WE LOVE ROME …e “i mezzi”!

Articolo di Lucilla Laureti Crainz

Abbiamo nelle puntate precedenti parlato delle fontanelle e dei cestini intelligenti, potevamo non parlarvi delle nuove fermate degli autobus e tram… Una vera rivoluzione!
Sono ben 435 ad oggi le nuove pensiline “Eterna”, così si chiamano e… chissà quanto dureranno.
è una struttura leggere e trasperente con sedili e coppertura a reticolo per proteggere dalla pioggia e dal sole. lo schermo vi informa su tutto: dal tempo di attesa per gli autobus, il loro percorso sia in italiano che in inglese. Se poi cliccate vi dice anche le mostre in corso e i luoghi di interesse vicino alla fermata… e tante altre informazioni.
Potete utilizzare la presa USB e mentre aspettate ricaricare il vostro telefono.
Il Comune avvisa che entro la fine dell’anno la rete sarà completata.
Se siete poi curiosi di sapere il costo, sarà di circa € 85.000 + IVA per ogni pensilina, dobbiamo però considerare il ricavato con la pubblicità con i video sui pannelli.
Altra bella notizia, non serve il biglietto sul bus ma potete pagare con le vostre carte.
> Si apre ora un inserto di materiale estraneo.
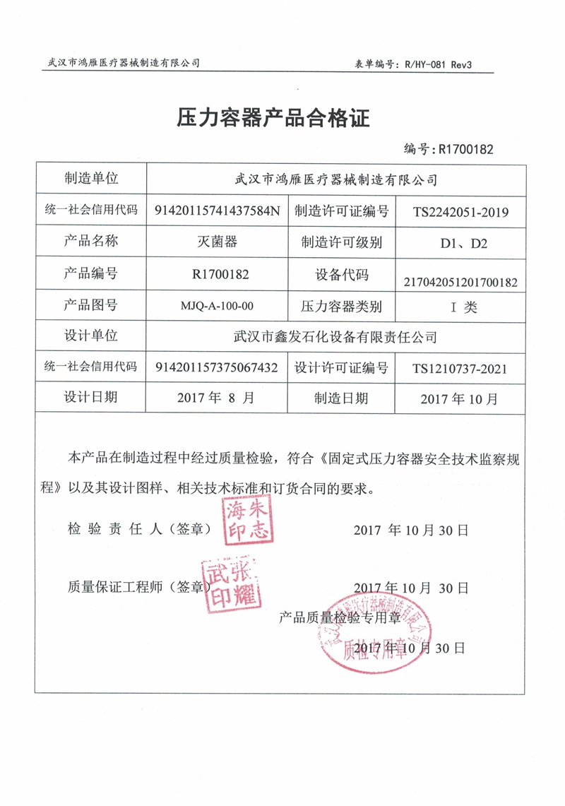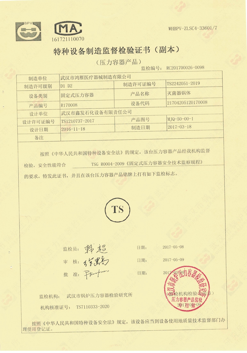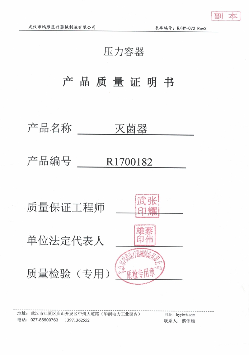 武漢市鴻雁醫療器械制造有限公司主要從事醫療器械、各規格壓力蒸氣滅菌器以及食品、環保等設備的制造。公司産品受鍋爐壓力容器檢驗研究院和食品藥品監督管理局雙重監檢,每台設備均有自己的身份銘牌。公司始終不渝地堅持科技興企、科學管理的方針,重視科技進步爲企業帶來的機會和效益,努力将新技術成果轉化爲産業優勢,秉持以品質穩定、産品革新、客戶滿意爲公司宗旨。與客戶共創雙赢的局面,分享各項成果,回饋社會。

Io che uso “I mezzi” come dicono a Roma, e li uso praticamente ogni giorno, sono soddisfatta.
Altro consiglio, scaricate l’app Citymapper e non avrete problemi di spostamenti oraticamente nelle più importanti città in Europa e nel mondo!
Dopo gli autobus, grandi cambiamenti anche per le fermate della metro, ormai abbiamo capito l’importanza delle stazioni e quelle che ahnno aperto a dicembre, Colosseo e Porta Metronia valgono una visita anche se non dobbiamo andare da quelle parti, infatti la nostra “Lampadina” appena aprirà la caserma romana organizzerà la visita!
Consideriamo la grande idea che ha avuto Napoli con le sue stazioni metro, hanno ta l’altro vinto un premio per la più bella in Europa dopo quella di Mosca.
Unico grande neo, dovremo aspettare anni che apra la stazione di piazza venezia, si prevede tra il 2032 e il 2035, e si sono inventati, per non farci troppo arrabbiare, di chiamare artisti che creino opere per coprire i grandi silos, un progetto di mitigazione visiva del cantiere della Stazione Venezia di Metro C. Il progetto MURALES si avvale della partecipazione di sei artisti italiani di fama internazionale, scelti da un Comitato Scientifico composto dai rappresentanti delle principali istituzioni culturali romane: la Galleria Nazionale d’Arte Moderna, il MAXXI, il Palazzo delle Esposizioni e la Galleria Borghese. La curatela del progetto è affidata a Spazio Taverna. Ha iniziato Pietro Ruffo con “Le costellazioni di Roma”, poi Marinella Senatore con “Ci eleviamo sollevando gli altri”, poi Elisabetta Benassi con “Tools” e altri tre artisti seguiranno, ogni murales dura qualche mese e viene poi sostituito.
Altra bella notizia: avete visto che noi romani non paghiamo più l’ingresso nei musei del Comune?